Bug#778581: systemd install breaks chroot jail and compromises guest system

Wolfgang Rosner wrosner at tirnet.de
Tue Feb 17 22:34:41 GMT 2015


Hello, Michael Biebl

Am Dienstag, 17. Februar 2015 10:39:45 schrieben Sie:
> > So I think systemd got installed accidentially by breaking the chroot.
>
> What you describe sounds highly unlikely. Merely installing systemd in a
> chroot will not "break the chroot".
>
> To me it looks like you accidentally installed systemd on the host
> system yourself, or it was already installed.

Of course, this is the first explanation that came to my mind, too.

However, I had reconfigured the bash prompt of the chroot to take care of this 
risk.


Am Dienstag, 17. Februar 2015 18:42:11 schrieben Sie:
> Since the given information is not sufficient to diagnose your issue, it
> would be great if you can provide step-by-step instructions how to
> reproduce the problem and a more detail log of the events that happened.

hm ... I understand your desire, but this not so easy from a system that 
crashed.

Il try to collect some of my copy/pastes from a database where I'm collecting 
my notes and merge it with my memory:

---------------8<-------------------------------------------------------------------------

dracut module 'systemd' will not be installed, because 
command '/lib/systemd/systemd' could not be found!

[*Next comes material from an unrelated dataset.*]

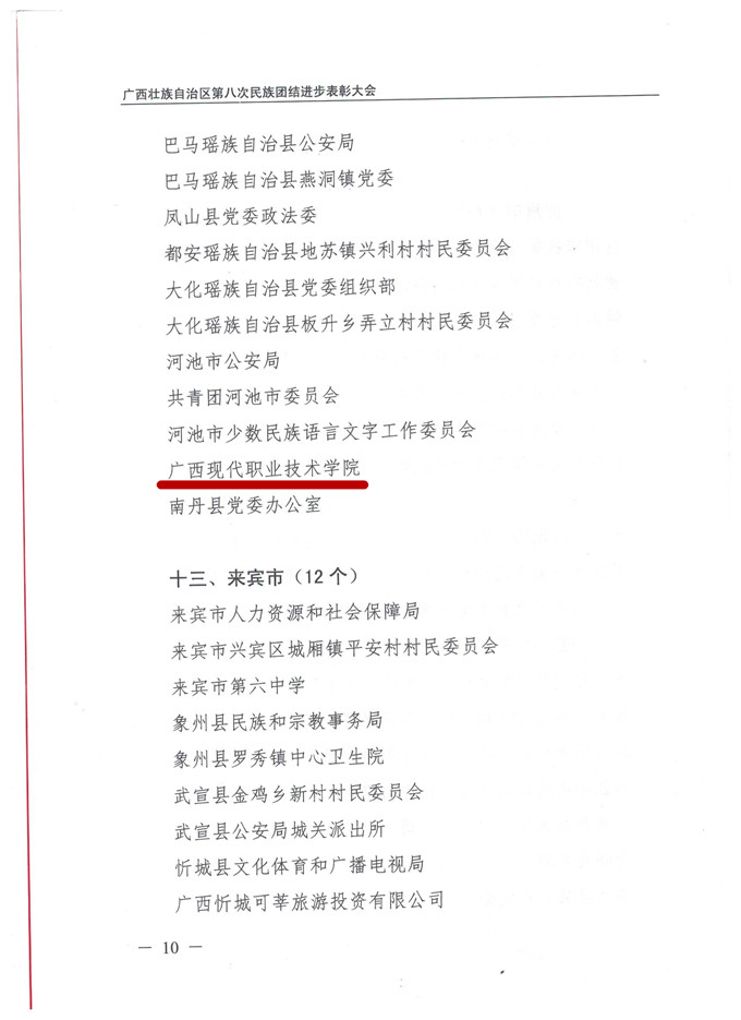 11月28日,广西壮族自治区第八次民族团结进步表彰大会在广西人民会堂举行,表彰在民族团结进步事业中作出突出贡献的模范集体和模范个人。优米体育入口官网下载手机版被授予“广西壮族自治区民族团结进步模范集体”荣誉称号。 多年来,我院高度重视民族团结进步创建工作,始终把促进民族团结进步摆在突出工作位置,充分发挥教育服务民族地区的作用,为培养民族人才、推进民族关系和谐做出了积极的贡献。
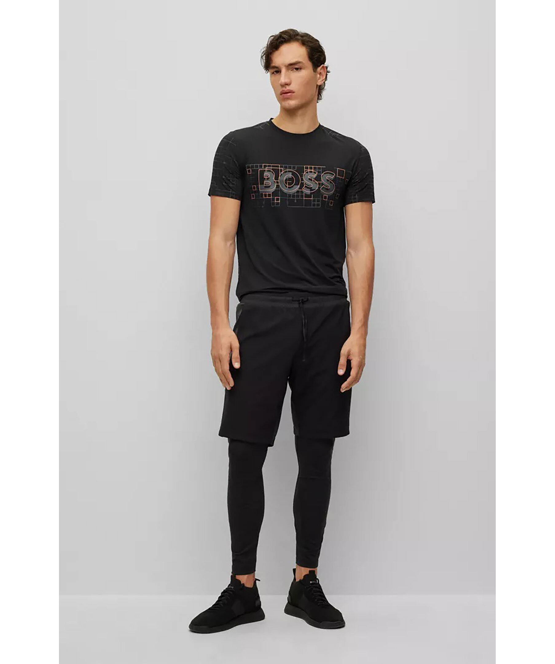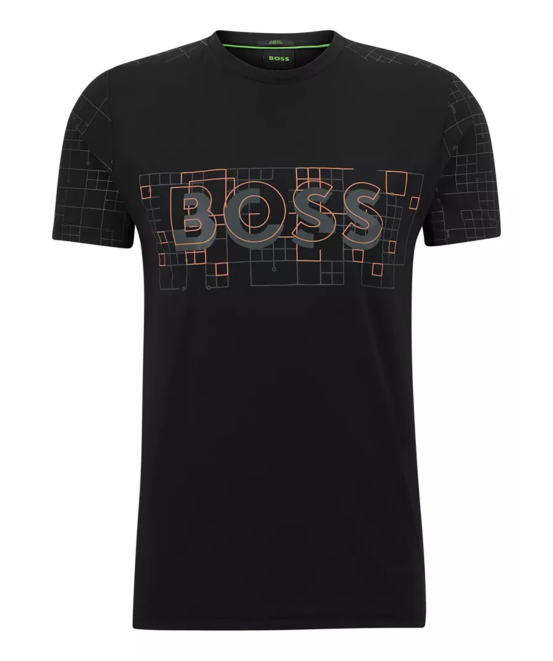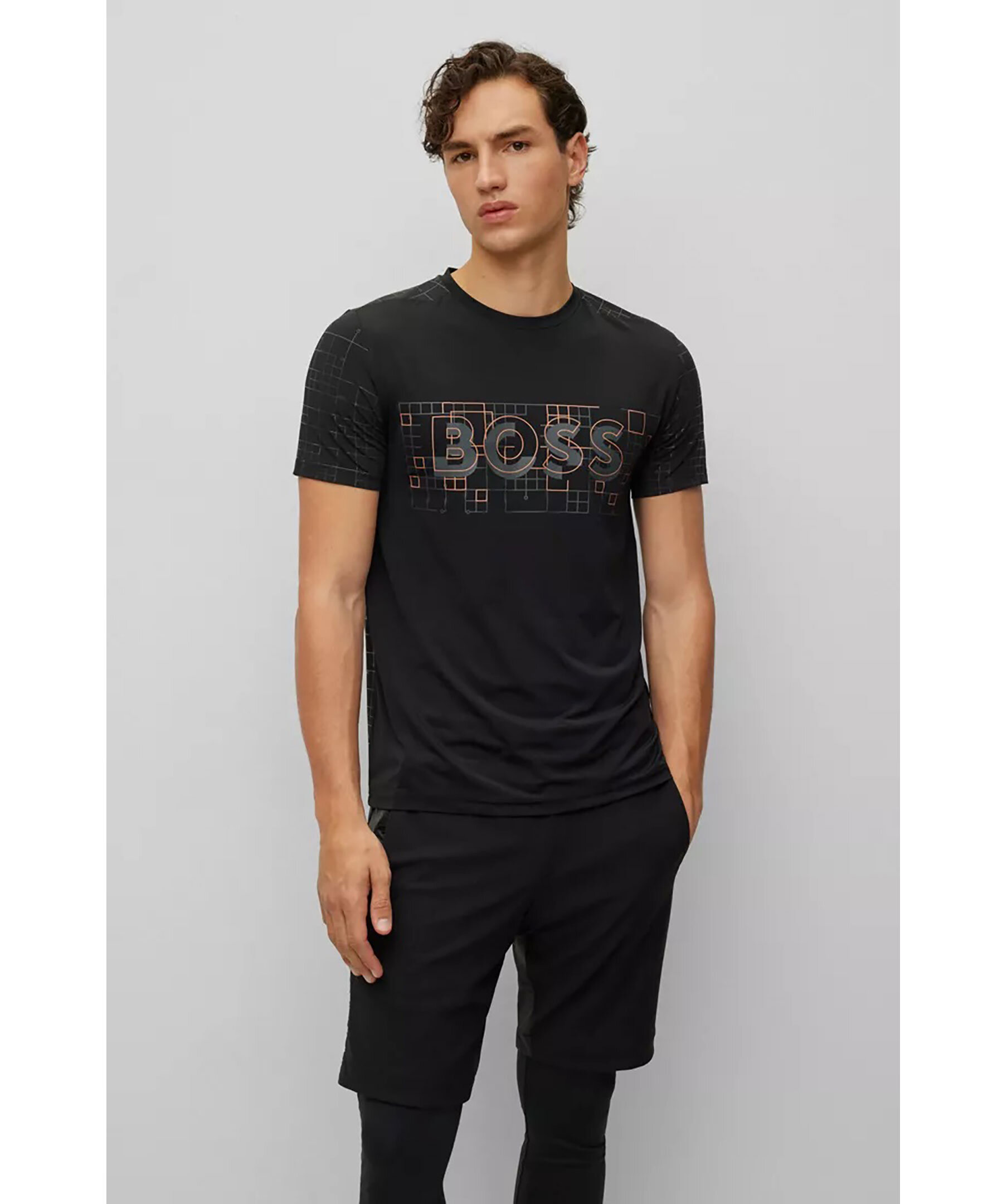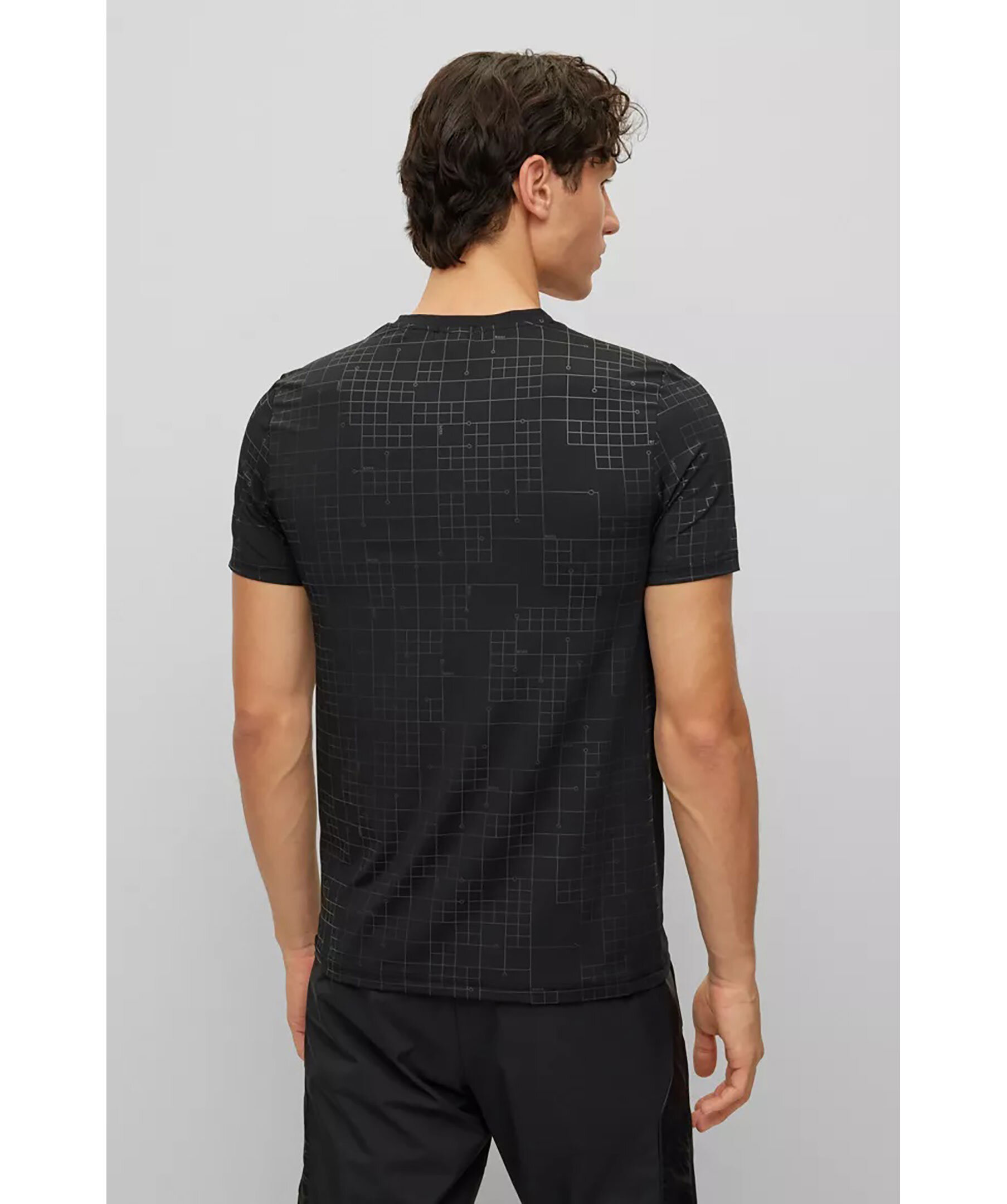 Svart stretchig t-shirt från BOSS GREEN i en slim fit passform. Logotyp och mönster på bröst och rygg.

CHR#root at blade-001:~# apt-get install systemd
W: Not using locking for read only lock file /var/lib/dpkg/lock
E: dpkg was interrupted, you must manually run 'dpkg --configure -a' to 
correct the problem.

root at cruncher:/cluster/node_roots/wheezy-dbstr-2015_02_10/mp-aufs-admin# 
chroot /cluster/node_roots/wheezy-dbstr-2015_02_10/mp-aufs-admin  
dpkg --configure -a    

-----------------8<---------------------------------------------------------------------

This
	CHR#root at blade-001:~#

is the chrooted prompt

This
root at cruncher:/cluster/node_roots/wheezy-dbstr-2015_02_10/mp-aufs-admin#

is the host system prompt

So, as it looks, you are half way right:
I did call the "dpkg configure -a"  command from the host, however, chrooting 
it.

But shouldn't this be the same???
And even if I called "dpkg --configure -a" from the host - it is not supposed 
to screw the machine, is it?
Or may be, that something else was in the dpkg configuration pipeline, that 
screwed the box - completely unrelated to the chrooted systemd?

Hm, well, this could be....

I'll include the dpkg.log
Does this tell anything to you?


> reproduce the problem
setting up systems just to screw them?
Well, if this is the only option, I'd prefer to keep the issue for the 
archives.
If this never and nowhere happened before and after - fine for everybody.